Mitchell Stermer, Aakash Gupta, Abraham Alkatib, Jai Anchalia
Github Organization:
We organized all the class and header files in the src folder along with main.cpp. We put the tests.cpp file with all the tests in the test folder. The data files are not put in a specific folder, but they are easy to locate.
Running Instructions:
To execute the program, first git pull or git clone to the docker local repository. Once you have git cloned, you need to cd into the new directory called ColdCallers where all the files are located and where you need to make the build directory. (cd ColdCallers) Then create a build directory as per usual with mkdir build. Next, navigate into the build directory using cd build. Then, run cmake .. to create all the files necessary for compiling. Then run make to compile everything. To run the tests file, use ./tests/test. And to run main, use ./src/main.

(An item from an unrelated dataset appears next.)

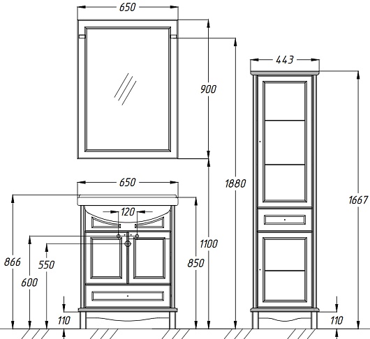 Тумба с раковиной Омега 65
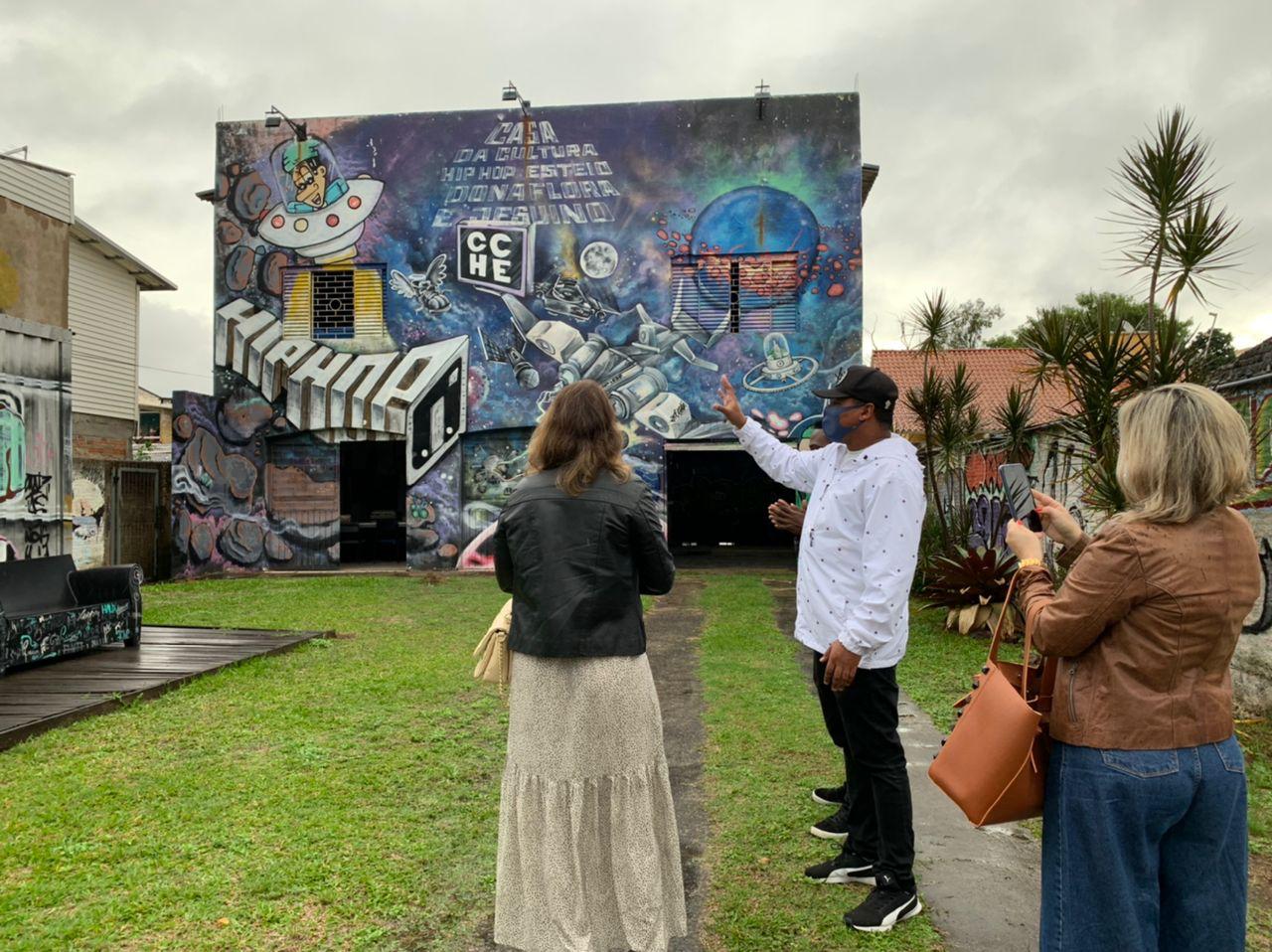 A secretária de Estado de Direitos Humanos, Nara Borgo, e a assessora da Gerência de Proteção e Defesa dos Direitos Humanos, Paula Colella, realizaram, nessa quinta-feira (28), uma visita técnica a Casa da Cultura Hip Hop no município de Esteio, no Rio Grande do Sul, a maior da América Latina. O objetivo foi a troca de informações e experiência com a equipe no intuito de contribuir com o projeto dos Centros de Referência das Juventudes (CRJ) no Espírito Santo.

The main file is where we create the graph and run the algorithms on various airports and cities that the user inputs. It does a few things: It asks the user to enter a source airport and a destination airport. Respectively, the source and destination are the person’s desired starting and ending locations. For example, someone would enter “Chicago O’Hare Destination Airport” as the source, and “Columbia Regional Airport” as the destination. On a side note, the input is case senesitive, and the airports entered should be an exact match of their names in the data file. Also, we created a function that checks if the entered airport is valid. A “valid airport” is one that exists in the dataset (airports.dat), AND one that has adjacent neighboring airports. In the dataset, one example of an invalid airport is “Mouilla Ville Airport” since it doesn't have any neighboring airports it can fly to. There are flights from other airports that fly into this destination, but no flights out of this airport itself. If the user enters an invalid airport for either the source or destination airport, they will be asked to re enter another airport until it is valid.
If the user completes these two steps:
i. a BFS path between the two cities will be printed, along with the distance between each two cities (for the flight used).
ii. The shortest path (in km) will be printed, along with each of the distances.
iii. One notable adaptation we made was that if there is no path between the two airports, we actually locate the closest possible airport that the starting airport can travel to, and we make that the destination airport.
It asks the user to enter a source city and a destination city. This is very similar to 1), but the cool thing is, when the source and destination cities are entered, we have a function that locates all the airports located in both the source and destination cities, and finds all of the paths connecting those airports. For example, if the source city is Chicago and the destination city is New York, the algorithm will find every airport located in Chicago and every airport in New York, and find all the possible paths connecting a Chicago airport to a New York airport. Additionally, it will create a vector of paths, where another function is used to calculate the shortest path between all of those! This algorithm to find the shortest path is run on the BFS path as well as the shortest paths.
So the output of this is also:
i. a shortest BFS path between the two cities and
ii. a shortest path between the two cities, (which is the real shortest path).
Asks the user to enter an airport, and returns the closeness centrality of that Airport. The higher the centrality, the bigger the airport, and overall a better airport to try to use. Our function returns the number 0 if an airport does not have any adjacent airports it can fly to.
Main also does a few other things. And everything is explained more clearly in the video.